The Supreme Court, by a 2:1 majority, has held that a resolution plan containing a proposed combination under the Insolvency and Bankruptcy Code (IBC) must receive prior approval from the Competition Commission of India (CCI) before being placed before the Committee of Creditors (CoC). This ruling is rooted in the interpretation of the proviso to Section 31(4) of the IBC, which explicitly mandates that such approval must be obtained before the CoC considers and approves a resolution plan.
The Court, in its analysis, underscored the significance of the word 'prior' in the proviso. Justices Hrishikesh Roy and Sudhanshu Dhulia, forming the majority, held that the legislative intent was clear in requiring the CCI’s approval before the CoC’s evaluation. They reasoned that any deviation from this requirement would undermine statutory integrity and stakeholder confidence. The Court found that the literal interpretation of the provision should be upheld, and the approval of the CCI must precede CoC consideration to prevent post-facto modifications that may escape scrutiny.
However, Justice SVN Bhatti dissented, opining that the proviso to Section 31(4) should be interpreted as a directory rather than mandatory. According to him, as long as CCI approval is obtained before final adjudication by the National Company Law Tribunal (NCLT), the resolution process remains compliant with both the IBC and the Competition Act. He contended that a strict reading of the proviso could lead to undue delays in insolvency resolution and could impede the ‘going concern’ objective of the IBC. Justice Bhatti also noted that the statutory framework provides for a reasonable period post-CoC approval to obtain necessary regulatory clearances, and insisted that the requirement of prior CCI approval should not be construed as an absolute prerequisite for CoC consideration.
The factual background of this case involved the resolution process of Hindustan National Glass and Industries Ltd. (HNGIL). The appellant, an unsuccessful resolution applicant, contested the approval of a resolution plan submitted by AGI Greenpac, which included a combination that required CCI clearance. AGI Greenpac had initially approached the CCI for approval of its proposed combination, but its first application was declared invalid.
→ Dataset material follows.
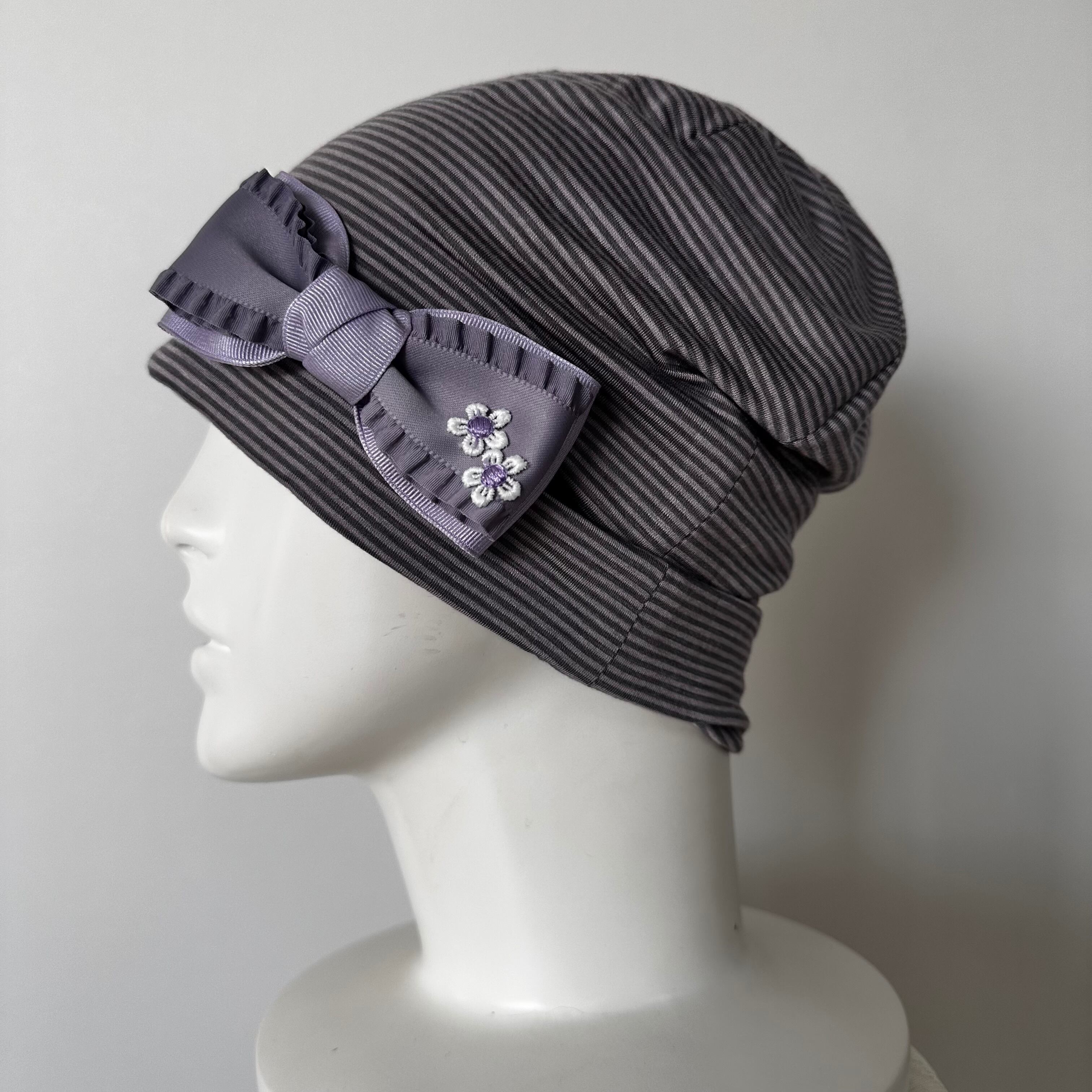 フリルリボンとお花のケア帽子 パープル✖️グレー

Subsequently, the CoC approved AGI Greenpac’s resolution plan before obtaining CCI’s final approval, which was later granted subject to modifications. The appellant challenged this sequence of events before the NCLT, which upheld the CoC's decision, and the NCLAT also affirmed the approval while holding that prior CCI clearance was only a directory.
The Supreme Court examined the interplay between the IBC and the Competition Act to determine whether CoC approval could precede CCI’s decision. The majority observed that a literal interpretation of Section 31(4) was necessary, as legislative intent explicitly mandated prior CCI approval. They emphasized that the CoC’s commercial wisdom must be exercised on a fully compliant resolution plan, rather than one subject to subsequent regulatory modifications. The Court also pointed out that permitting CoC approval before CCI clearance could create an impractical scenario where post-approval modifications imposed by the CCI would not be subject to creditor scrutiny.
Furthermore, the Supreme Court rejected arguments that strict adherence to prior CCI approval would cause delays in insolvency resolution. The judgment highlighted that CCI has prescribed timelines for approving combinations, and the IBC framework allows for a reasonable extension of the corporate insolvency resolution process where necessary. The Court also dismissed claims that the requirement for prior approval conflicts with the principle of commercial wisdom, reasoning that legislative design places compliance with regulatory mandates above discretionary decision-making by creditors.
The Court also addressed the issue of locus standi raised against the appellant. It reaffirmed that insolvency proceedings, once initiated, acquire an in rem character, meaning that any party aggrieved by a resolution plan’s approval has the right to challenge it. The Court observed that under both the IBC and the Competition Act, ‘any person aggrieved’ is to be interpreted broadly, ensuring that regulatory compliance is enforced through judicial scrutiny.
Consequently, the Supreme Court set aside the approval of AGI Greenpac’s resolution plan and remanded the matter for fresh consideration by the CoC, subject to the condition that only resolution plans with prior CCI approval would be eligible for consideration. This judgment solidifies the requirement that regulatory clearances must be secured before CoC exercises its commercial wisdom, ensuring that competition law considerations are integrated into the insolvency resolution process at the appropriate stage. This ruling is expected to have significant implications for future insolvency cases involving mergers and acquisitions, reinforcing the principle that statutory compliance is paramount in corporate restructuring under the IBC.